So it's really only a problem if you have chunks within chunks that are indented even more.
yeah, and i want to support even more tricky things, like indentation plus extra whitespace at the front of the line
i have a naive handmade parser now to parse the blocks
it looks for tags that can start a block
then it looks for the "outdent"
so it doesn't look for a specific amount of indentation
Example?
it looks for a minimum amount of indentation, but you can use more
# This is all
part of the
same block
and the next
block
doesnt
start until the
an "outdent" is seen
This is an outdent, so
the above block will
have been ended.
however,
# This is not
all part of the same
# block because this
tag creates a nested
block
Hmm, what if you parse each block and then run the parser AGAIN on the text in the block to find subblocks?
hm
i think i could give up the leading extra spaces thing, too
and set indentation to some configurable fixed size
(my-parser text) => ([:block "This is not" "all part of the same" "# block because this" " tag ..."])
(insta/transform *1 {:block (fn [& strs] (my-parser (str/join "\n" strs)))})
Except recursively smarter
interesting
I just thought of this, it might end up being impractical.
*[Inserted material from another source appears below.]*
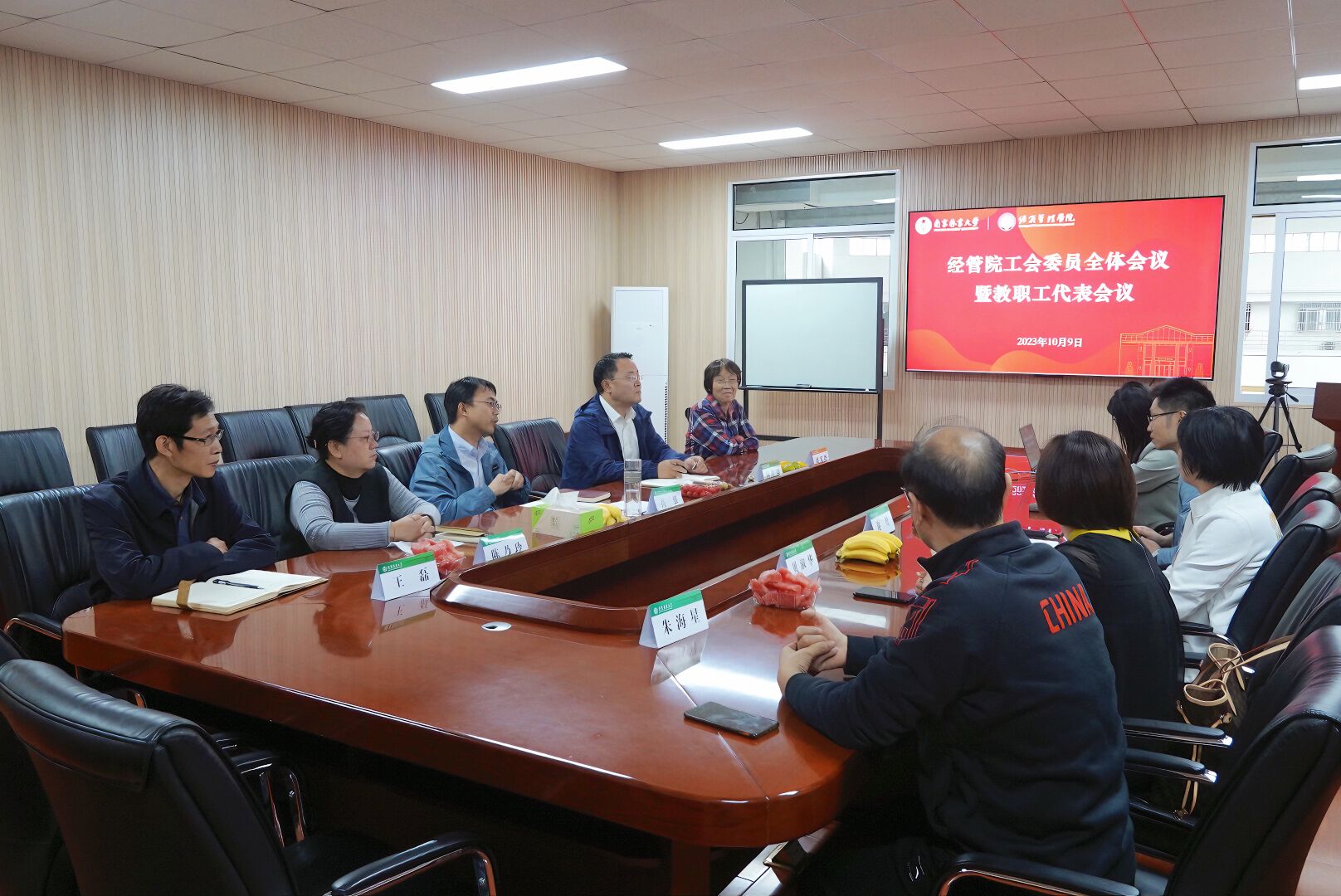 2023年10月9日上午,经济管理学院工会委员会全体会议暨教职工代表会议在C208会议室顺利召开。会议由学院党委书记高强主持,院长杨红强、办公室主任陈乃玲、工会主席潘家坪,各系、部门工会小组长参加此次会议。

But that might be the way to do it.
i will play around with it and let you know how it works out
i can at least instaparse the inline stuff, if not the blocks
True
Anyway, now that I think about it, this trick may be applicable to any indentation-based language
it's also an interesting case because i need to parse "any character that isn't a tag"
like the text in between tags
i think i can use negative lookahead with regex like #"."
anyway thanks for the help! i'll let you know how it all works out
No problem, I'd love to hear how it goes